Territorio

Il paese sorge sul Castrum Soldani nominato in documemnti del '200. Nella parrocchiale si trova un polittico di autore nizzardo, attivo della bottega dei brea e un'opera firmata dal fiorentino Giovanni Battista Galestruzzi (1667).

Collocato a fondovalle sulla riva sinistra del torrente Verbone, anche Soldano va annoverato tra i centri più imporatnti della produzione del Rossese di Dolceacqua. La menzione di Castrum Soldani con cui compare nei documenti del XIII secolo è indicativa di una sua funzione difensiva, assunta in seguita all'organizzazione del territorio intemelio dopo le incursioni saracene.

Non lontano da qui si distingue il profilo dell'abside poligonale e il cupolino barocco del campanile della vecchia parrocchiale di San Giovanni Battista, abbandonata intorno alla metà del secolo scorso in seguito ai danni causati da un'alluvione e successivamente invasa da abitazioni che ne hanno stravolto la fisionomia. La suggestiva trama di angusti vicoli che si snoda tra le case oltrepassando i lunghi archivolti raggiunge la piazza sulla quale si prospetta la nuova parrocchiale, dedicata al Santo precursore e realizzata nel 1860 ancora in stile barocco. All'interno meritano un cenno il polittico con San Giovanni Battista e Santi, visible dietro all'altare, opera dei primi del '500 che si deve a un pittore nizzardo influenzato dalla bottega del Brea.

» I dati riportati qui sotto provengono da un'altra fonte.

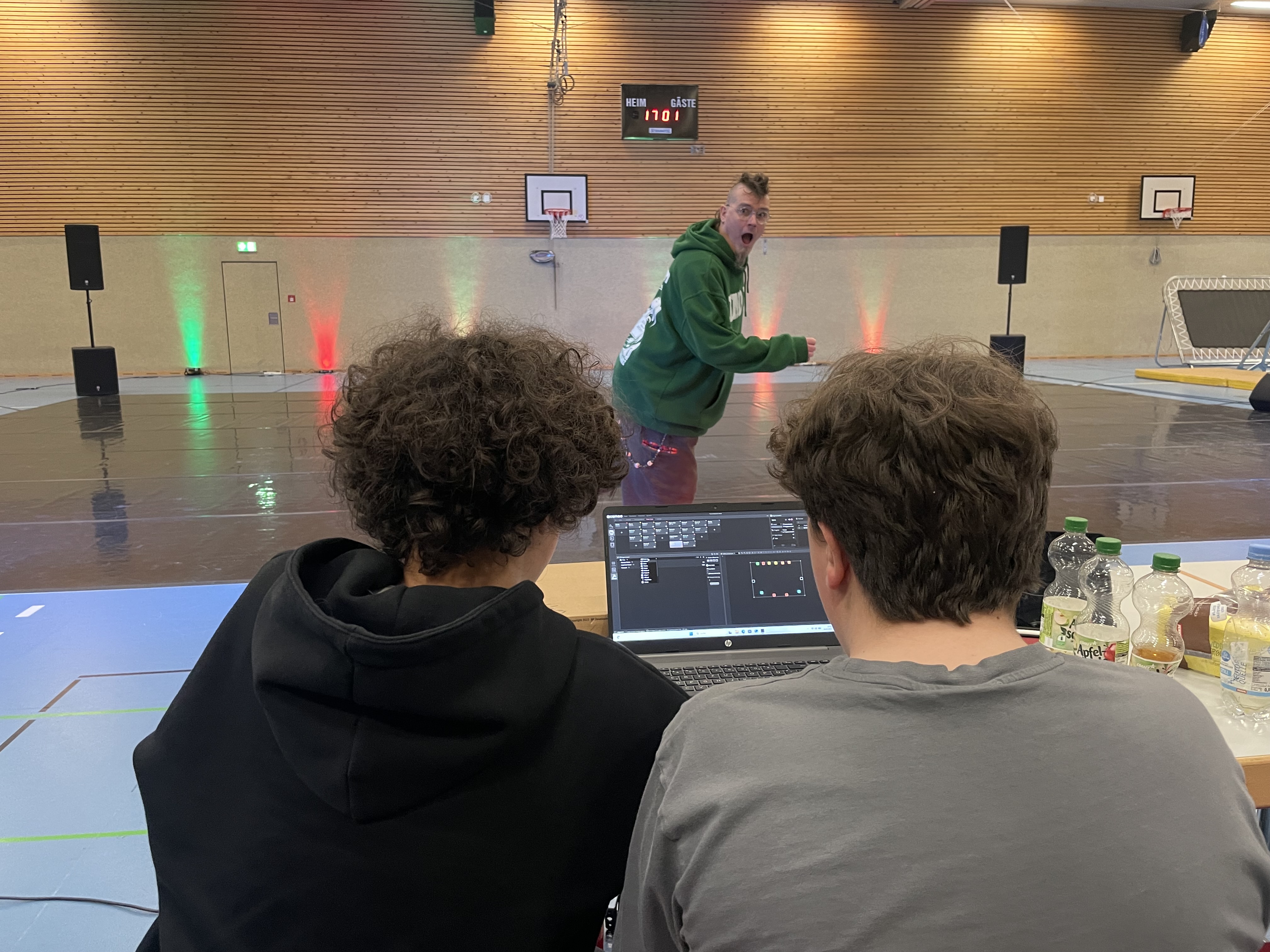 Für professionelle Ton- und Lichttechnik sorgen die Lehrer Ulrich Schmidt-Wöckener und Frederik Kiparski, zusammen mitder AG Veranstaltungstechnik!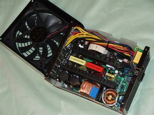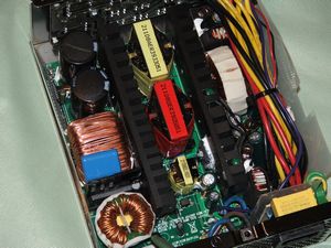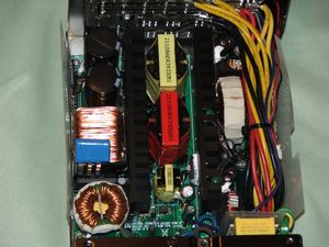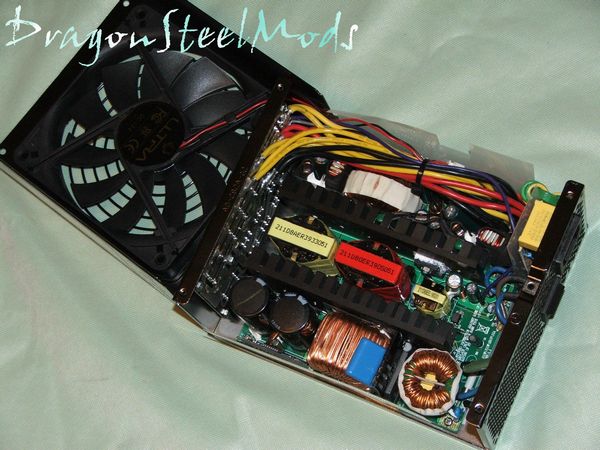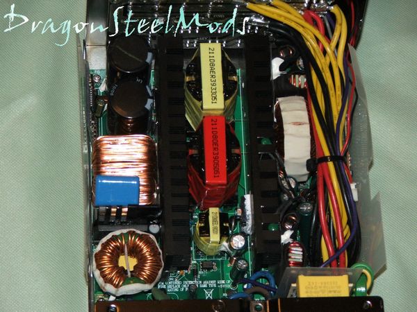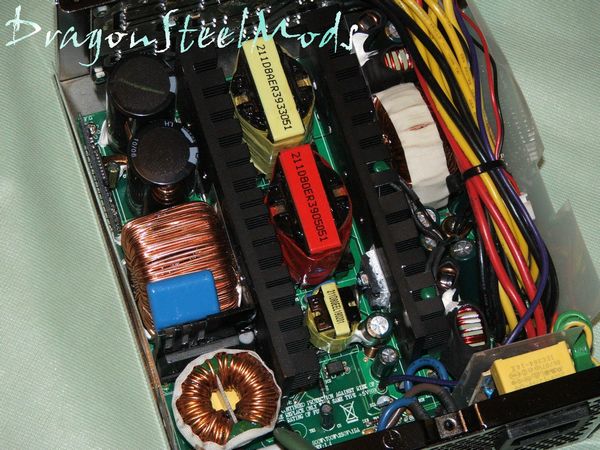 The first thing you'll notice is just how large the components are inside, nice large industrial sized components. The next thing you'll notice is how small the heatsinks are, I was expecting massive heatisnks inside but when you look at how large the fan is you can sort of understand the lack of large heatsinks. As I mentioned before the fan takes up most of the bottom of the power supply thus providing a lot of airflow across everything to keep it all cool.

A sinistra, sopra la porta di accesso della sacrestia, un'ampia tela con la Sacra Famiglia, firmata da Giovanni Battsta Galestruzzi, pittore fiorentino che esguì il dipinto a Roma nel 1667. Sulla piazza della chiesa prospetta anche l'oratorio dei Disciplinanti, dedicato a San Giovanni Evangelista, di cui si ha notizia sicura nell'anno 1500. Trasformato nel XVII secolo, conserva della costruzione primitiva la parte esterna dell'abside qudrangolare e il portale in pietra nera datato 1594. La schiera di case prospiciente via Correntina è frutto di un'espansione recente del paese, perché non compare ancora nelle planimetrie settecentesche che lo raffigurano. Si conservano ancora caratteristici prospetti di abitazioni dipinti con ingenui effetti di trompe l'oeil, per esempio, finestre finte con le impannate o con le persiane discoste.

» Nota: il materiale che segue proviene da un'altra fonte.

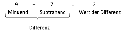 Einen Rechenausdruck mit Minuszeichen, wie „9 – 7“ ezeichnet man als Differenz (lateinisch „Unterschied“). Vor dem Minuszeichen steht der Minuend (lateinisch „das zu Vermindernde“), dahinter der Subtrahend (lateinisch „das Abzuziehende“). Das Ergebnis einer solchen Rechnung heißt Wert der Differenz oder schlicht auch Differenz.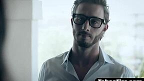 Stunning hungarian redhead with fake tits fucks bank clerk at office to settle debt, getting hard bargain.
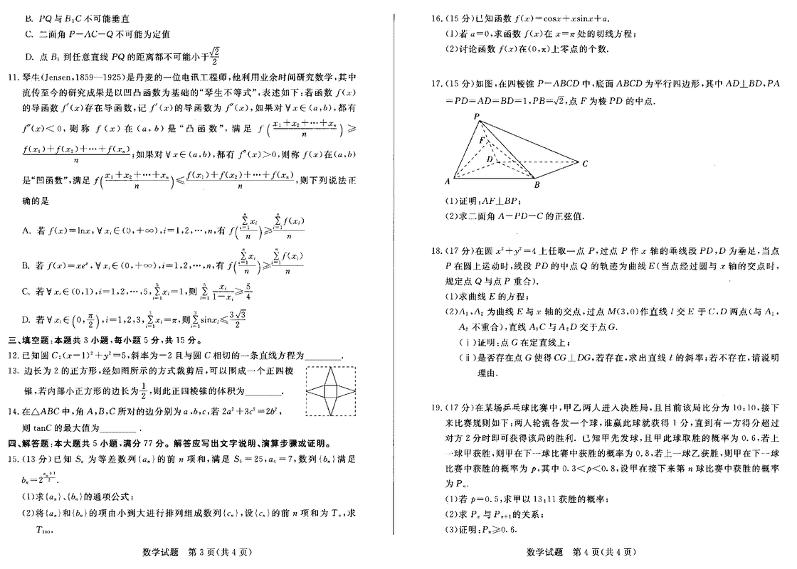 呼和浩特2025届高三一模数学试题及答案 时间:2025-03-14 内蒙 数学试题 呼和浩特2025届高三一模数学考试已于近日开考,为方便考生考后及时查看考试情况,查漏补缺、弥补不足,本文整理了试题答案解析相关信息! 汇总:呼和浩特市2025届高三第一次模拟考试试题及答案汇总 数学试题及答案解析

Fuori dal paese, verso Nord, presso il torrente, sorge la cappella di San Mauro, preceduta da un portico: più distante, in mezzo a un uliveto in regione Orià, l'ottocentesco santuarietto della Madonna del Carmine. Il sentiero risale la collina sino alla frazione San Martino, altrimenti raggiungibile tramite una strada carrozzabile angusta e tortuosa, che si distacca dalla proviciale in località Massabò e raggiunge anche Suseneo. La borgata San Martino, che sorge ai limiti di un bosco in una zona di uliveti, ma soprattutto di vigneti, consiste di una schiera ben conservata di case col paramento di pietra in vista, disposta ad "elle" con un'aia antistante.